Abstract
There was always the challenge to match Permeability estimated from logs to Permeability derived from well tests. The main reason for this is the difference in scale, both vertically in the borehole (net contributing sands) as well as radially out into the formation. The well test that takes into consideration many hours of fluid flow into the borehole was always deemed more representative than permeability derived from logs that measures a smaller area and volume. However, this perception should not relegate log-derived permeability to an insignificant parameter within dynamic models. When wells are stimulated prior to well test (e.g. under-balanced perforation or chemical stimulation for clean-up), it is expected that the permeability from the well test be enhanced as seen in Iago-2 and Gorgon-3 wells.
This paper takes core data from wells in the Carnarvon Basin, create log relationships to predict permeability that match these core data, and compare these to wireline formation tester mobility and to well tests. The results are very promising, and the workflow proposed can be applied to any well in the basin. One of the objectives of this paper is to create a workflow that can be replicated easily and to use raw logs that are available across all wells, in order to reduce the uncertainty in the predicted permeability.
The reservoir sands of the Mungaroo formation are easily recognised by the cross over in the neutron-density logs, in both gas zones and water zones. This is the criteria used by operators to obtain formation pressure tests (MDT/RFT) and this is the same criteria used in this paper to define reservoir sands. Only those core data acquired in reservoir sands are used as the "Learning" dataset to predict permeability. Several learning datasets were created, and these were blind tested on other wells that were not part of the learning dataset. The results of these predicted permeabilities were cross plotted against core permeability that have been over-burden corrected and depth shifted to wireline logs. Where the match is not satisfactory, new learning datasets are derived and this step of the workflow is repeated. At the end, there are four groups of learning datasets that are used as the final results.

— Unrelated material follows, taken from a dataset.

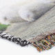 A quality printed throw has its advantages. This is a much finer weave throw than its loopier cousins, and though lighter, it is worth the investment for custom room accessorizing. The back is much prettier than the typical brown, and the fringe on the long sides very vivid, the selvage nicely done. Before photographing, I washed the throw in cold water, delicate, with a thicker woven throw the same size. On tumble dry low, this throw was dry in half the time as the other. This is a very practical quality if you use throws for furniture covers or to wrap up in frequently. The sleekness of the fabric makes it a great layer for accenting or protecting without the feeling of sitting on too much stuff. Perfect for napping or when you feel a light chill coming on. The color printing is beautiful and on this fabric, matched the design and color of my Photoshop image. This is an advantage for blending room fabrics and colors. The fringe on the short sides prints the colors from the design image and therefore varies from the side fringe. I streaked a white fractal line through the plaid pattern to give the illusion of weaving. This printed as crisp as an illusory thread, and put some white in the short side fringe, showing another advantage of print vs loomed- for artistic purposes, line lines, detail, and color integrity can be planned and preserved. My loomed throws have color limitations and more of a needlepoint texture. Print throws reproduce an exact image. The throw felt a little stiff straight out of the package, but this went away in the first delicate wash. Of course I searched the wash water for ink or bleeding and there was none.

These four groups of datasets are associated with four sets of equations and these provides a very good match between the predicted log-derived permeabilities and core plug permeabilities. When compared to mobilities from formation pressure testers, the predicted permeabilities are a very good match. These were then compared to well test permeabilities showing an overall good match. This gives confidence that the predicted permeabilities from the four sets of equations are good and can be applied to any new well targeting the Mungaroo Formation in the Carnarvon Basin.